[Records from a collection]
[Start of section]
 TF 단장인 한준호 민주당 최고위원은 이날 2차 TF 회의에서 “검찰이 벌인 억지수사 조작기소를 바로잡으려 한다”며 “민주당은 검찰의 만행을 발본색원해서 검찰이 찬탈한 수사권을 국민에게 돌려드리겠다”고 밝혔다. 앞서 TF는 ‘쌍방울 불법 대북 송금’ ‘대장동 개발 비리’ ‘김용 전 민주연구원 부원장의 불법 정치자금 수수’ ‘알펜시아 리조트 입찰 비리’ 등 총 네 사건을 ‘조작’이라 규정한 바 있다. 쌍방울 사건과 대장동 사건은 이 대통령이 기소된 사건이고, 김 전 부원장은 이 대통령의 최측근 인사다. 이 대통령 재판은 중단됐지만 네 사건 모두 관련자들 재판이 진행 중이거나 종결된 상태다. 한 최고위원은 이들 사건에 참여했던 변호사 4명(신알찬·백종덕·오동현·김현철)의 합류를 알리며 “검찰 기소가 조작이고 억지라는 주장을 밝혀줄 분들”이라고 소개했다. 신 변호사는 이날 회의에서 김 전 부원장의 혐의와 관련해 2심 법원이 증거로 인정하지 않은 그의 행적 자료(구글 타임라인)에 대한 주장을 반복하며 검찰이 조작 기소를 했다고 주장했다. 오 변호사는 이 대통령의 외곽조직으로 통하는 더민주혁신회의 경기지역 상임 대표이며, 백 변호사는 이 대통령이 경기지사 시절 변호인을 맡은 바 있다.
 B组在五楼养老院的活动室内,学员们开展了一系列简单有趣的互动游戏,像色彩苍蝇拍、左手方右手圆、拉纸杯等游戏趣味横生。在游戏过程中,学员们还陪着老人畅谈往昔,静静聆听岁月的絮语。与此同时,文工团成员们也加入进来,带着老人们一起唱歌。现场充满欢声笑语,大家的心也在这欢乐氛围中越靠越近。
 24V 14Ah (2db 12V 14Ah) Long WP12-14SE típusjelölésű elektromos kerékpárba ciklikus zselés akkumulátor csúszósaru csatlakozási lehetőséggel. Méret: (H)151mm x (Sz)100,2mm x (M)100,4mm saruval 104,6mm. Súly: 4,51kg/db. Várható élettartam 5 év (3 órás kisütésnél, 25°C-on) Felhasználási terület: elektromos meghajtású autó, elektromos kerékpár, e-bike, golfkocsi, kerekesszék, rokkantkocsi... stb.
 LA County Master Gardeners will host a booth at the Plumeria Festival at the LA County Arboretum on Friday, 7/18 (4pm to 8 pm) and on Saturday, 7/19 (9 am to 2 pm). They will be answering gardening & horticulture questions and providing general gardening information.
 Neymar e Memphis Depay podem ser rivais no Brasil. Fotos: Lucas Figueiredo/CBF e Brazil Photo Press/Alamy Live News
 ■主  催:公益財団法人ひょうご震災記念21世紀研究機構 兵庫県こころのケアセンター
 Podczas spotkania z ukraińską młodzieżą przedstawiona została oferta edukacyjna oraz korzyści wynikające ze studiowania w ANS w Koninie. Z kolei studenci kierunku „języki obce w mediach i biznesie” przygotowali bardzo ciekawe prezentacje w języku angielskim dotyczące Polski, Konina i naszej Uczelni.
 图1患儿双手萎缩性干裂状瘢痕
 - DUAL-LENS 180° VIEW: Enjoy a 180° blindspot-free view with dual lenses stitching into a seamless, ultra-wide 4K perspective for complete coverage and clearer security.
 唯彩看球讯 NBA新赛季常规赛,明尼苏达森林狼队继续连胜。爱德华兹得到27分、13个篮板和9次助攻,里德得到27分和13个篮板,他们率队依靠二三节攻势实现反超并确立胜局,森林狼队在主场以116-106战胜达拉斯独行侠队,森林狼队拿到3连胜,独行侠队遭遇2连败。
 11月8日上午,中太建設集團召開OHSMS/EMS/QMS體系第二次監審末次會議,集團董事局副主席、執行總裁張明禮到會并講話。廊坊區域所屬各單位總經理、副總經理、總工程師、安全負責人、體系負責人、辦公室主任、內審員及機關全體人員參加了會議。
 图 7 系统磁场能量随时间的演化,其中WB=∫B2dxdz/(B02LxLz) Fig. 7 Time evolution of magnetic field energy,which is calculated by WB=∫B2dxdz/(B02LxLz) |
[End of section]
[Start of section]
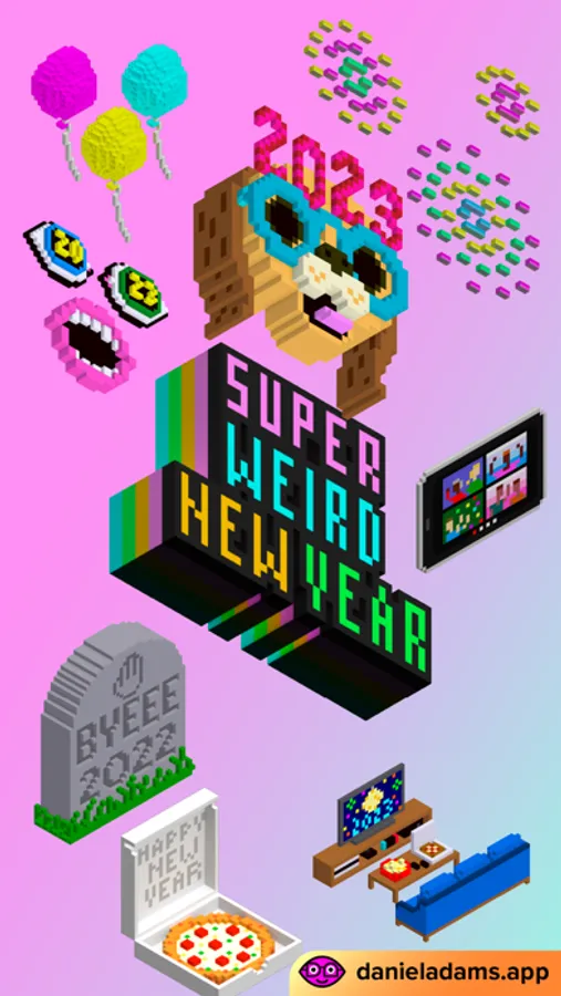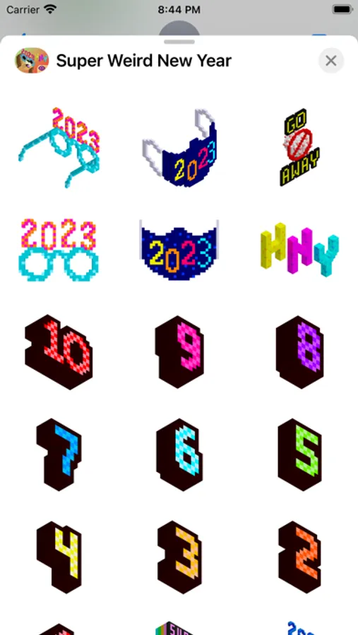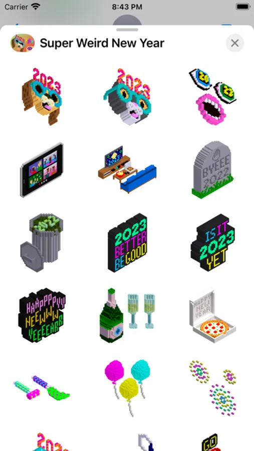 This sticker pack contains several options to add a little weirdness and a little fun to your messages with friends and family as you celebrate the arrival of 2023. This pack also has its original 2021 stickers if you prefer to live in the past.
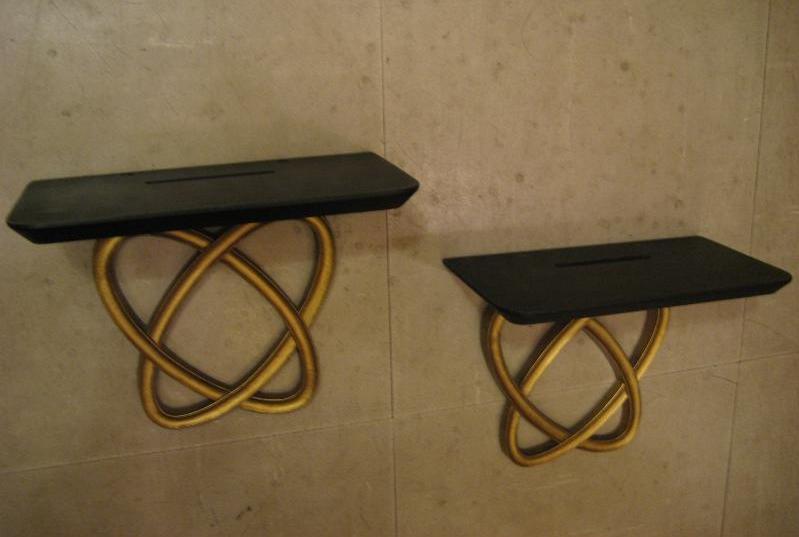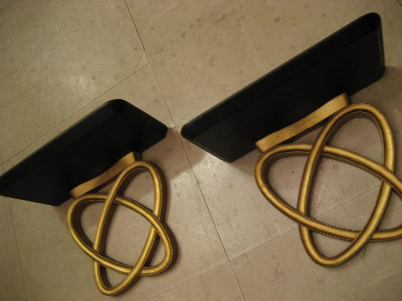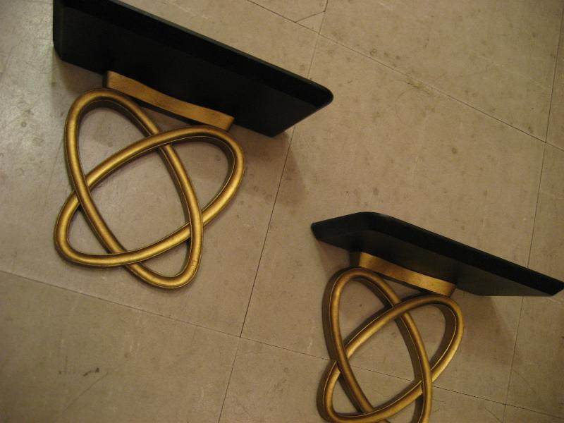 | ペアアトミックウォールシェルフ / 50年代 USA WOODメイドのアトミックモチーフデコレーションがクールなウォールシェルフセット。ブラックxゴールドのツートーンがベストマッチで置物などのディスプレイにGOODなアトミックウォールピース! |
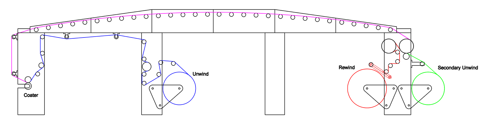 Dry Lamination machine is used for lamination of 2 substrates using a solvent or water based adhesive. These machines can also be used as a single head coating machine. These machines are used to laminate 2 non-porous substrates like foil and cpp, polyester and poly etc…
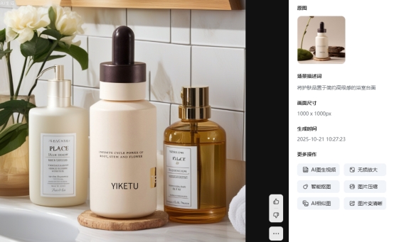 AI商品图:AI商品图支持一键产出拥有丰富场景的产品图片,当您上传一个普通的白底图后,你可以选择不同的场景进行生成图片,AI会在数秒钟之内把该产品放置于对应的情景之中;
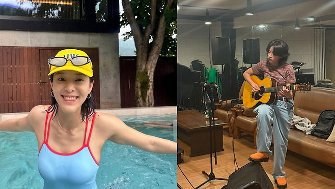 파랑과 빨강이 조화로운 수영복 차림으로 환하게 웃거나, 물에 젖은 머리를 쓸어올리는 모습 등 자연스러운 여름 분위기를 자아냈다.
[End of section]
Which lines above run from the one containing "- DUAL-LENS 180°" down to the one containing "唯彩看球讯 NBA新赛季常规"? Repeat exactly those, both ends included, and nothing else.

→ **EXERCISE ANSWER**:
 - DUAL-LENS 180° VIEW: Enjoy a 180° blindspot-free view with dual lenses stitching into a seamless, ultra-wide 4K perspective for complete coverage and clearer security.
 唯彩看球讯 NBA新赛季常规赛,明尼苏达森林狼队继续连胜。爱德华兹得到27分、13个篮板和9次助攻,里德得到27分和13个篮板,他们率队依靠二三节攻势实现反超并确立胜局,森林狼队在主场以116-106战胜达拉斯独行侠队,森林狼队拿到3连胜,独行侠队遭遇2连败。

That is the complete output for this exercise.